Surprisingly, the Bureau of Prisons—yes, the one that is run by Jeff Sessions’s Department of Justice—recently issued a policy recommendation that pads and tampons be made freely available in federal facilities. Of course, this recommendation has no teeth, but the fact that menstruation is being discussed at all is important and noteworthy.

There has also been a small amount of progress when it comes to providing free supplies in public schools. Illinois now does this, and California has a formula where supplies are provided if a designated percentage of the student body is eligible to participate in the free lunch program. The fact that, by law, public education cannot be infringed or denied should be enough to guarantee access to no-cost sanitary supplies, but for most schools, the issue is financial. At the same time, no one questions allocations for toilet paper, so activists need to push everyone’s thinking on this.

When it comes to helping the homeless, it’s impossible to prioritize periods as if they stand alone, since undomiciled people—those staying in shelters as well as those living on the street—have so many other things to contend with. Again, an easy fix is to provide free sanitary supplies in all public bathrooms, so that no matter where someone sleeps she will have access to whatever supplies she needs.

EJB: Are you now working on a specific menstrual equity project?

JW-W: Laura Strausfeld, a women’s health expert, and I have launched an online group,, so that anyone who wants to get involved in organizing efforts or legislative work can be in touch with us. The site is in its infancy, but I’m very excited about it.

Since Periods Gone Public came out in October, the book has generated a lot of interest. I’m really proud of the role it’s played in changing the discourse and putting menstrual equity on the policy agenda at the state, local, and national levels. I love that I can be creative and nimble and work with a lot of different partners, from the folks who are doing grassroots organizing to lawmakers, and can help them develop talking points, write op eds, or strategize more generally.

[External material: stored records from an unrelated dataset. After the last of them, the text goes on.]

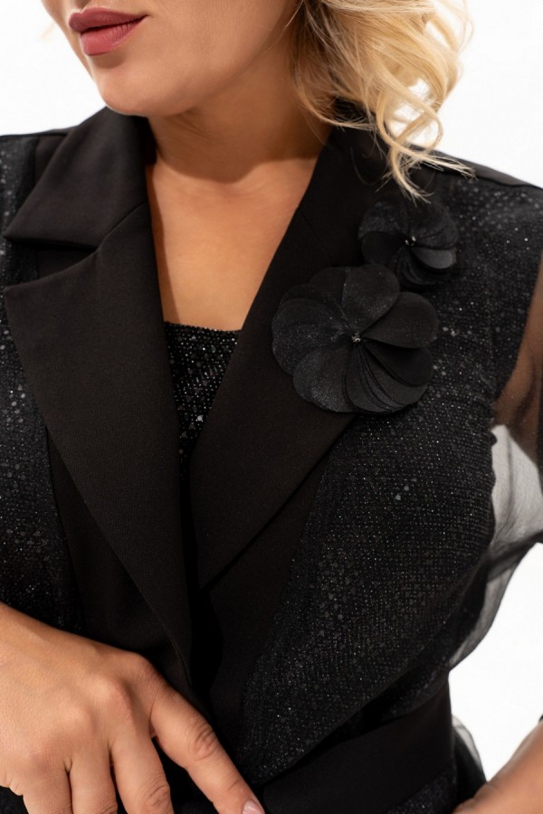 Состав:полиэстер - 65%, вискоза-32%, эластан - 3%, блуза-полиэстр-95%, эластан-5%Тканьбарби, органза, ткань "пайетки"
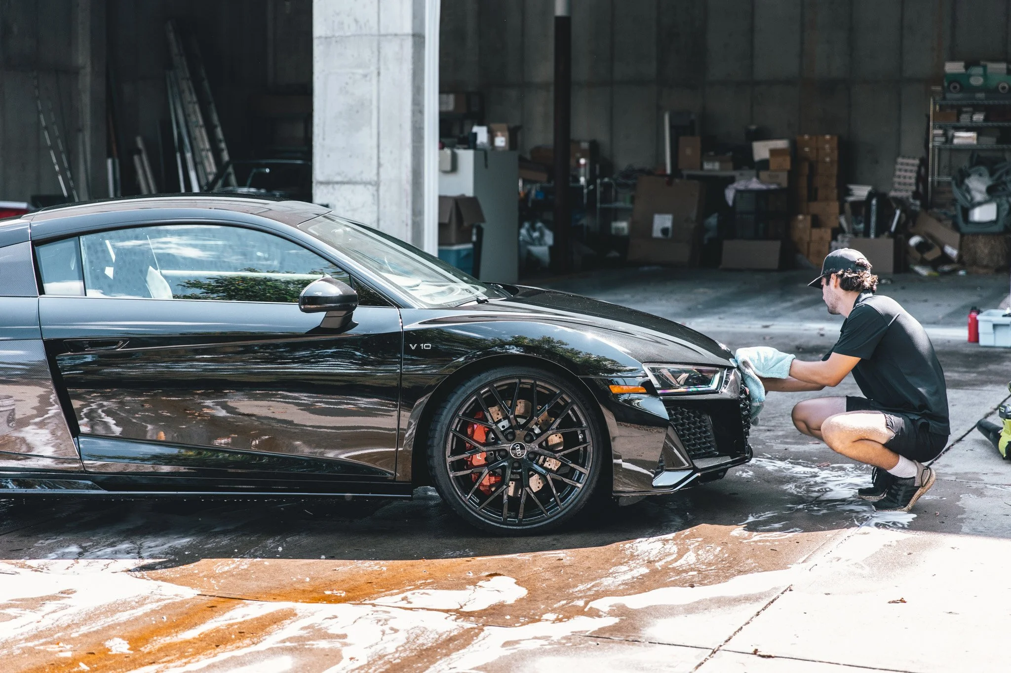 Exterior Wash: We use a foam cannon to apply soap, followed by a thorough hand wash using towels dedicated solely to the exterior. Towels are discarded after a few panels, ensuring a clean, scratch-free finish on every panel.
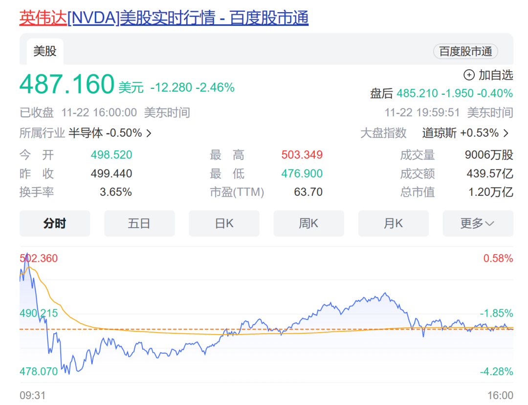 全球算力总龙头英伟达发布再创新高的新一季业绩,并回应美国收紧人工智能管制对公司在华数据中心业务产生负面影响,同时表示其他地区收入将抵消下滑影响,公司股价在美国时间11月21日收盘略跌0.92%,22日再次下跌2.46%。
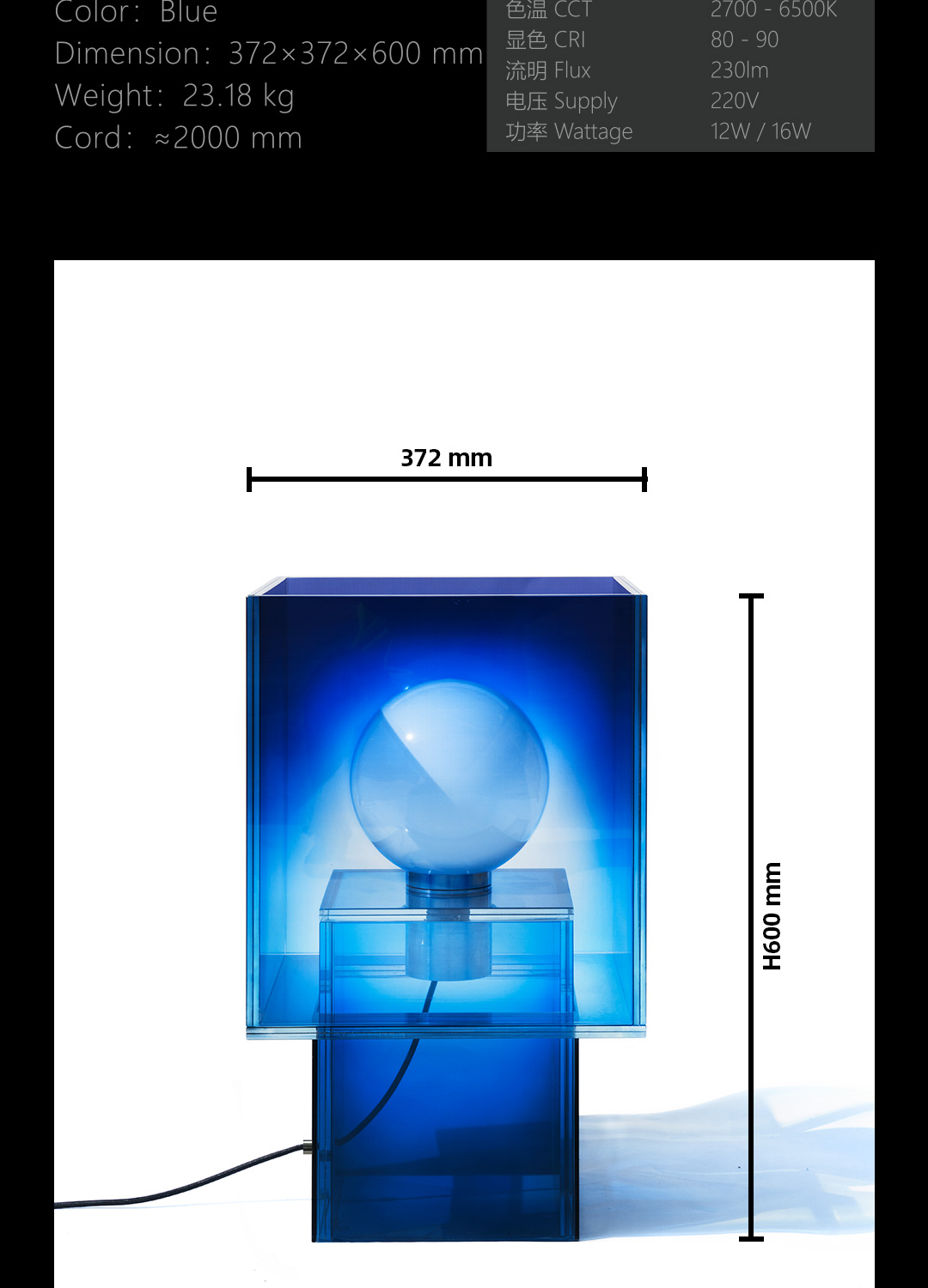 372×372×h600mm
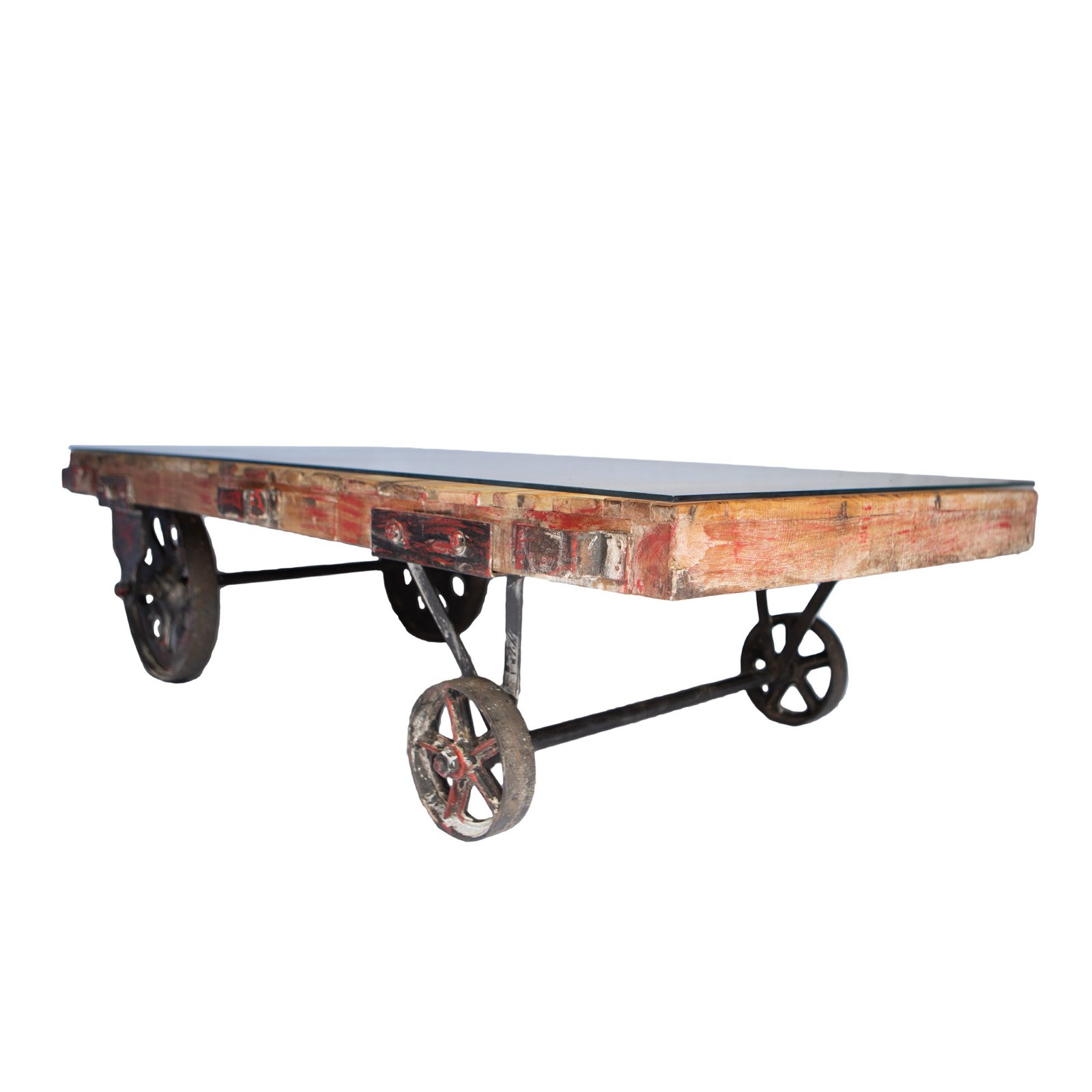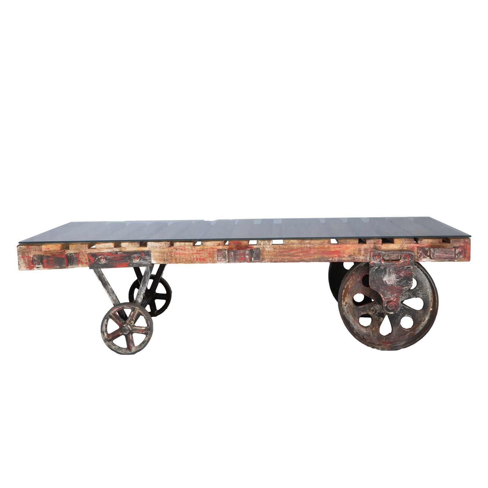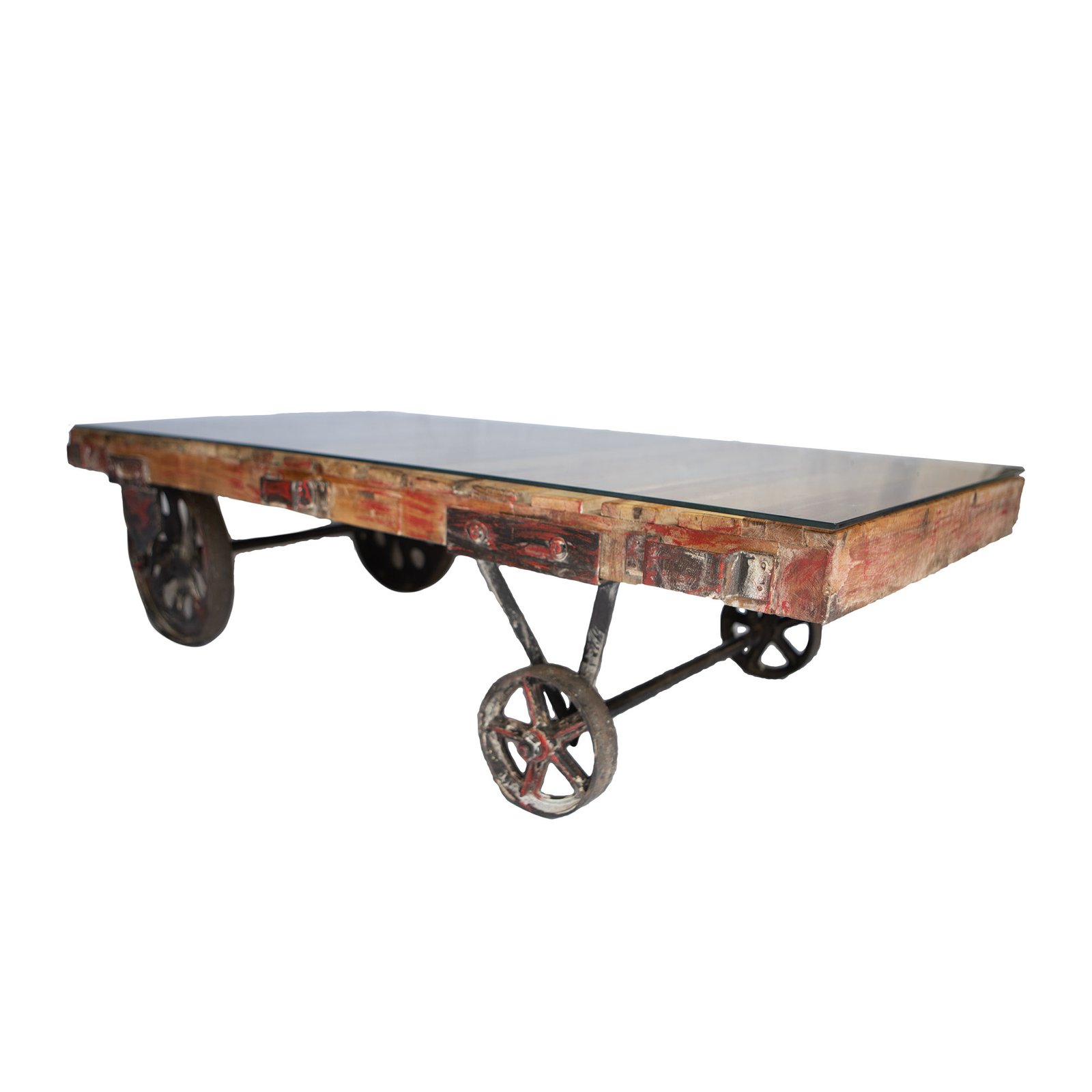 Couchtisch aus recycelten Holzlatten, mit Eisenrädern. Großer und schwerer Tisch, rollbar, Holz stellenweise mit Farbresten. Inklusive Glasplatte, die lose auf den Holzlatten aufliegt. Es gibt insgesamt sechs vorgefertigte Schraublöcher in den jeweiligen Holzlatten, in die z.B. Gummiträger als Schrauben eingeschraubt werden können, um die Glasplatte rutschsicher auf diese und nicht direkt auf die Holzlatten zu legen. Die Gummiträger gehören nicht zum Angebotsumfang.
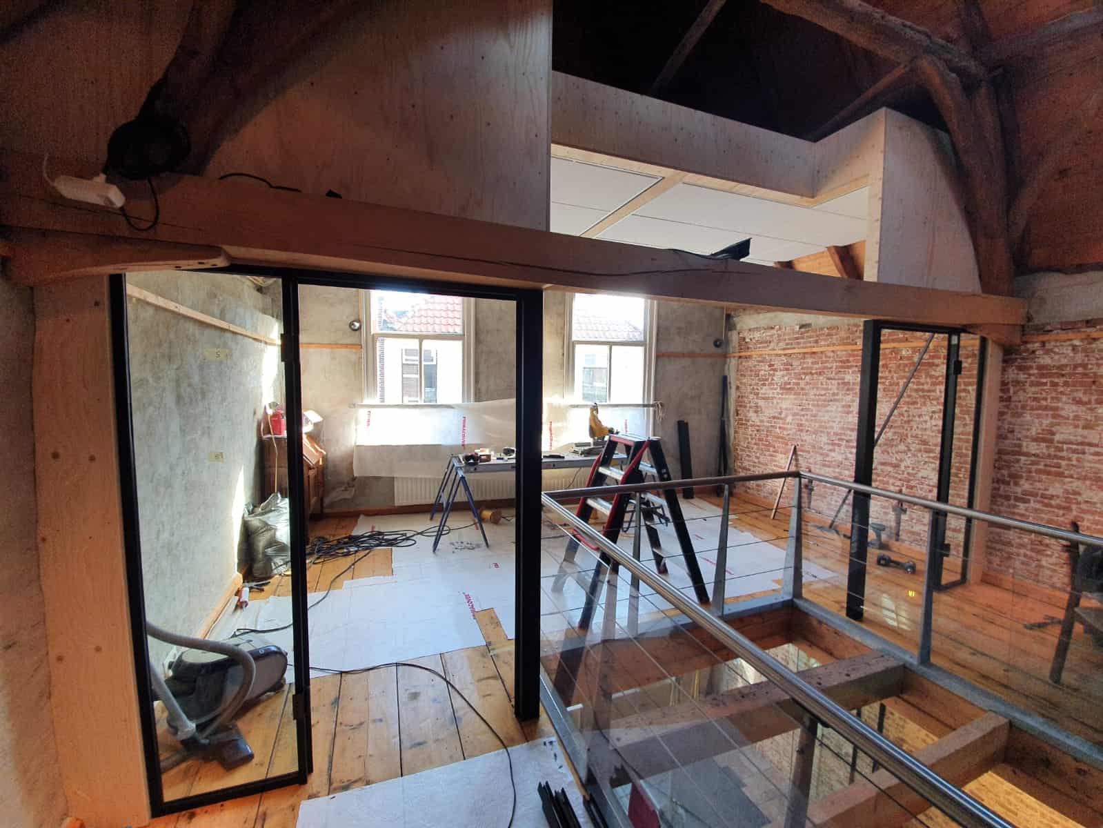 ‘Ik steek heel veel op van deze opdracht’, zegt Birte. ‘Zo leer ik bijvoorbeeld dat je alles goed moet plannen. Voor de productie van de grote overlegtafel bleek bijvoorbeeld veel tijd nodig te zijn, dus die moet je in de startfase al bestellen, voordat je naar de kringloop gaat. Zoiets leer je bij een project op school niet, waar we alleen ontwerpen en niet uitvoeren. In zo’n praktijkopdracht leer je ook veel over kosten en financiering. En verder heb ik gezien hoe het bedrijf Slukom heel professioneel een aantal glazen afscheidingswanden maakte, die mooi aansloten op de eeuwenoude muren die nergens recht zijn. Ze deden alles om de schoonheid van het pand zo goed mogelijk te bewaren. Dat vond ik ook leerzaam om mee te maken.’
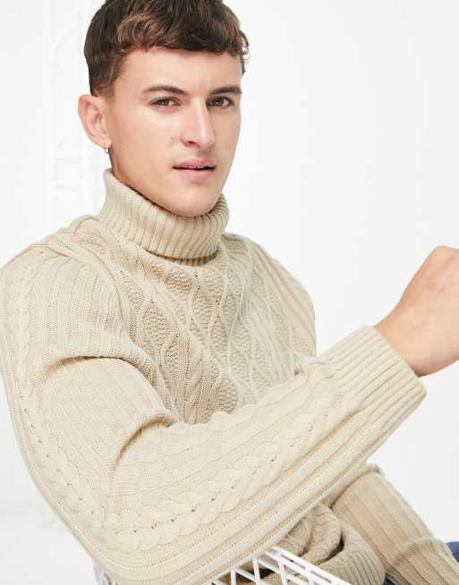 ASOS DESIGN cable knit roll neck sweater in beige ASOS
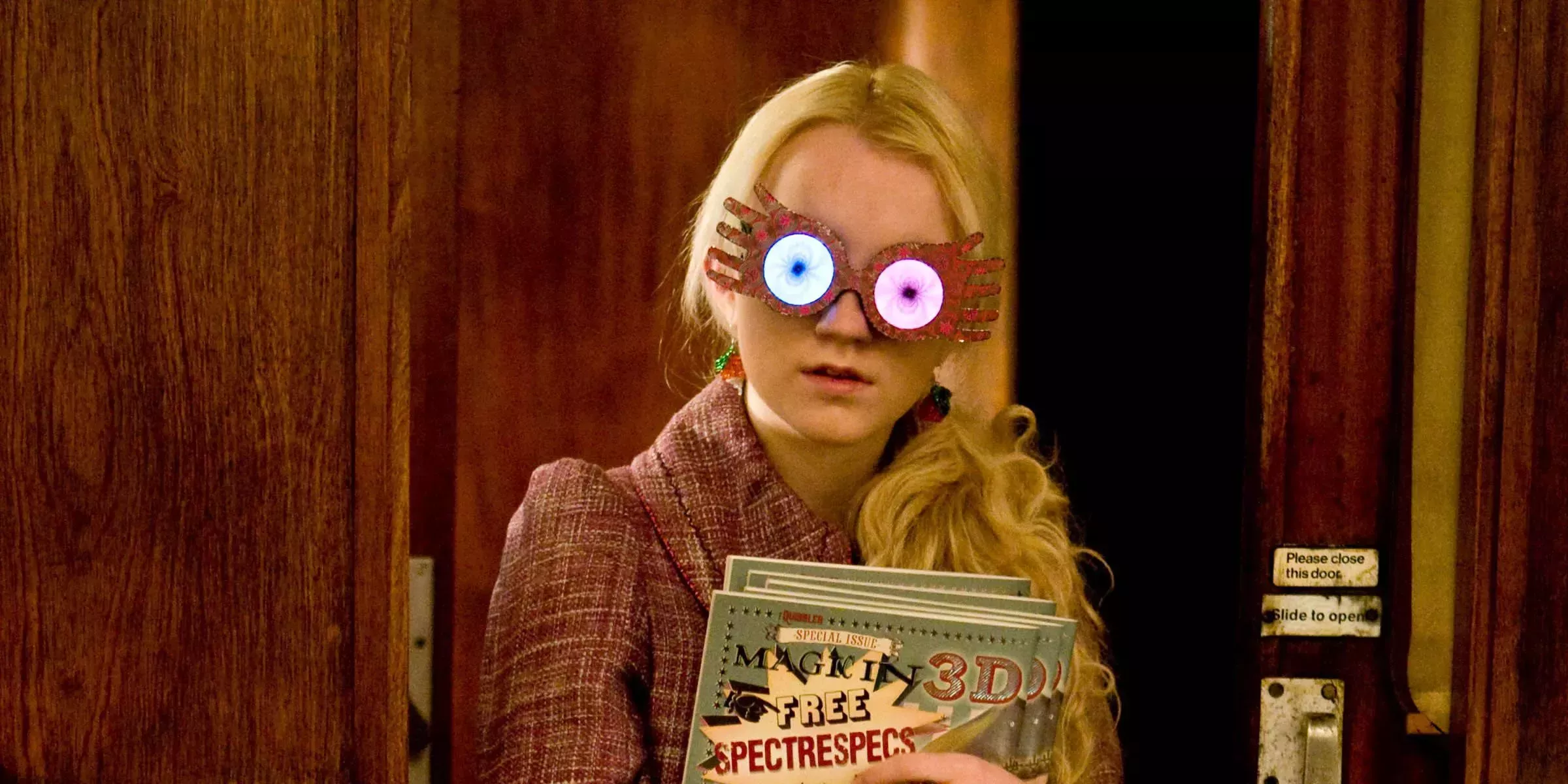 Aunque muchos personajes cuestionan sus creencias en las criaturas, las gafas de Luna le permiten ver a los Wrackspurts que llenan la cabeza de Harry. Cuando Draco Malfoy ata a Harry de cuerpo entero y lo cubre con su capa de invisibilidad, son las gafas de Luna las que le permiten encontrarlo y rescatarlo. Una vez más, lo que se burla de Luna es lo que finalmente salva el día.
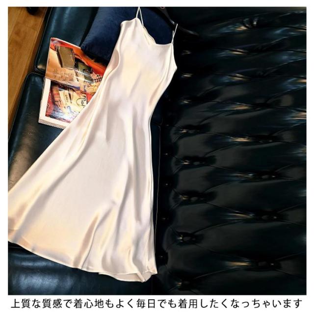 | サテンロング丈ワンピース。 Vネックに華奢な肩紐のキャミソールワンピース。 光沢感のある上品なサテン素材でひらひらとエレガント。 体のラインをきれいに見せてくれるサテン風ワンピース 上質な質感で着心地もよく毎日でも着用したくなっちゃいます シルクタッチ素材で、とても柔らかくて、 肌触り良い 春にはレースインナーとコーデして、様々なコーディネートに使えるアイテムです。 | |

There’s so much more to do to make menstrual equity a reality, but we’ve made some real headway. That periods impact half of every population the world over means that women are not a special interest group, and we should not be treated like one. It’s high time that every law, every policy, and every workplace and school recognize this. I’m delighted that promoting menstrual equity can move this idea forward.

The views and opinions expressed in this article are the author’s own and do not necessarily reflect those of Lilith Magazine.